[Data for this task]

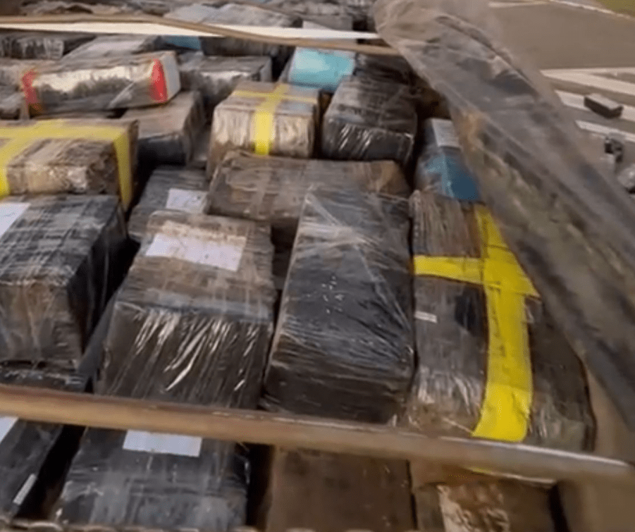 Na vistoria realizada na carroceria, foram encontrados diversos tijolos de entorpecentes, além de medicamentos cuja comercialização é proibida no país.
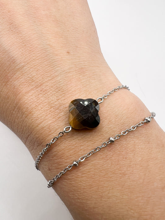 Bracelet Œil de Tigre & Trèfle en Acier Inoxydable Argenté – Protection & Chance
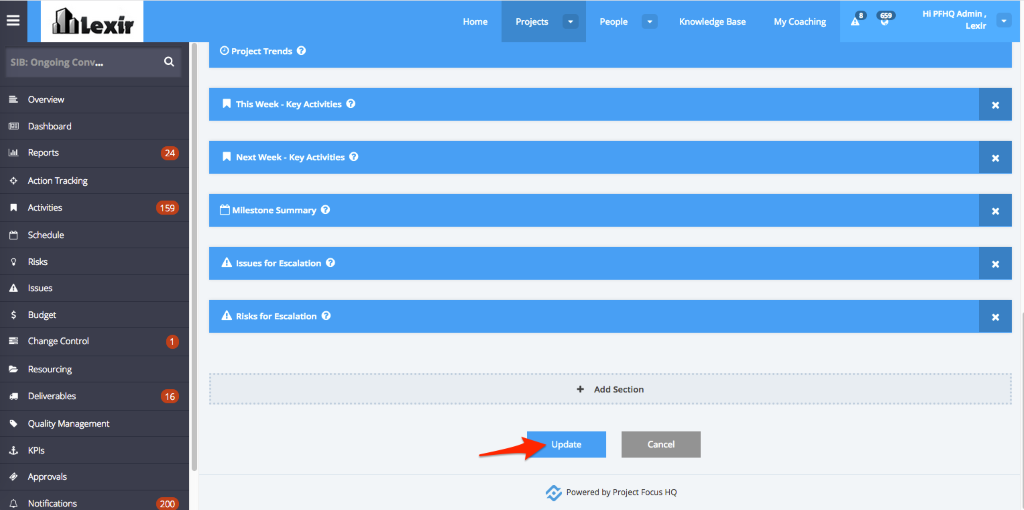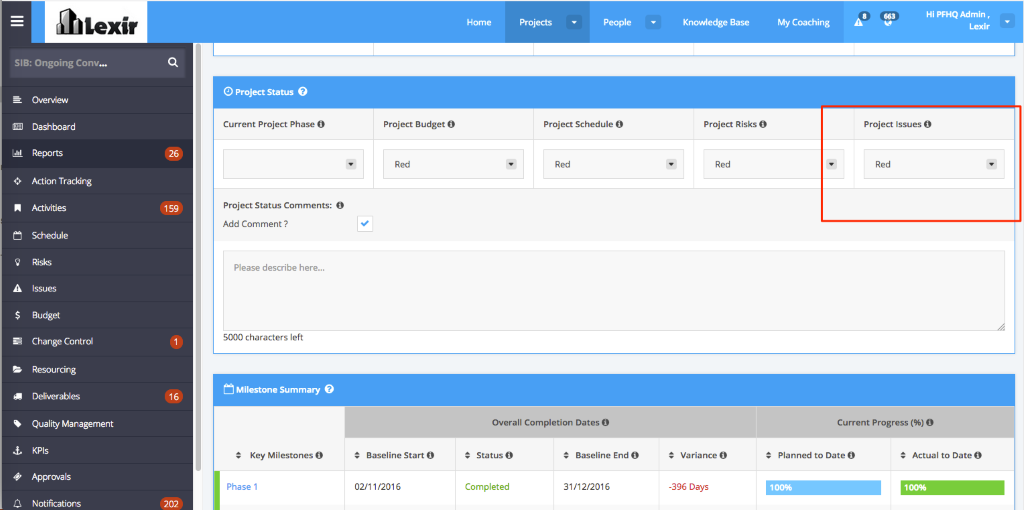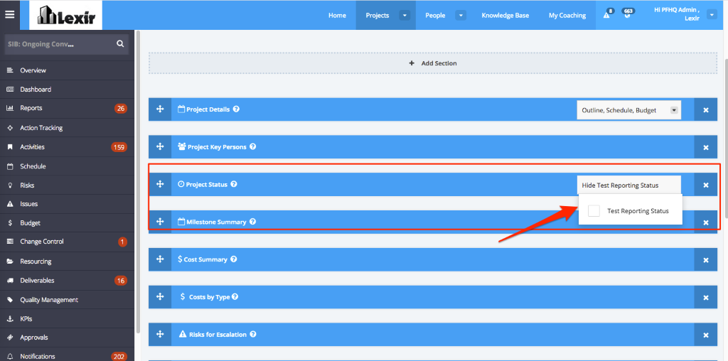 5. Go to the Project Status section, and you will see the 5th Reporting Status being shown.
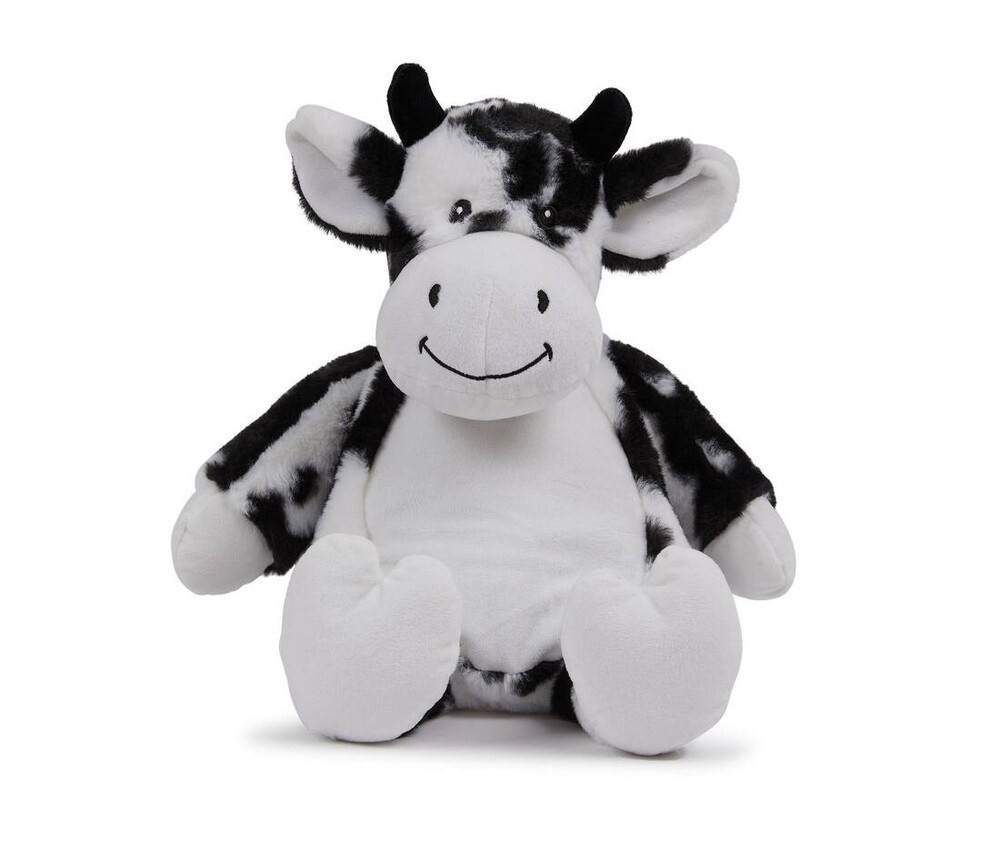 Soft plush Zippie Cow with contrast face and hooves. Sewn eyes and mouth. White panel on tummy perfect for decoration. Zip access on base for direct access onto the tummy for decoration. Removable separate inner head and body stuffing. Can be embroidered, vinyl and sublimation printed. Complies with EN71 European Toy Safety regulations. Remove all hang tags and their fasteners before giving these items to a child. Suitable for all ages.
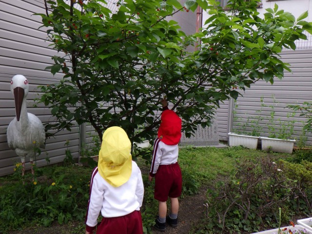 子どもたちが木の上を見上げていました。「赤い」「サクランボや」と話していました。このサクラの木は本園が90周年の時に植樹していただいたもので、8年が経ちました。毎年たくさんの実をつけ、子どもたちが遊びの中で、季節を感じることができる大切な環境の一部となっています。遊びを通してたくさんの学びへとつなげていきたいです。

[/Data for this task]

Only lines belong in the copy, not pictures: write out exactly the lines of the records from the first through the one holding "Bracelet Œil de".

> [Task response]
 Na vistoria realizada na carroceria, foram encontrados diversos tijolos de entorpecentes, além de medicamentos cuja comercialização é proibida no país.
 Bracelet Œil de Tigre & Trèfle en Acier Inoxydable Argenté – Protection & Chance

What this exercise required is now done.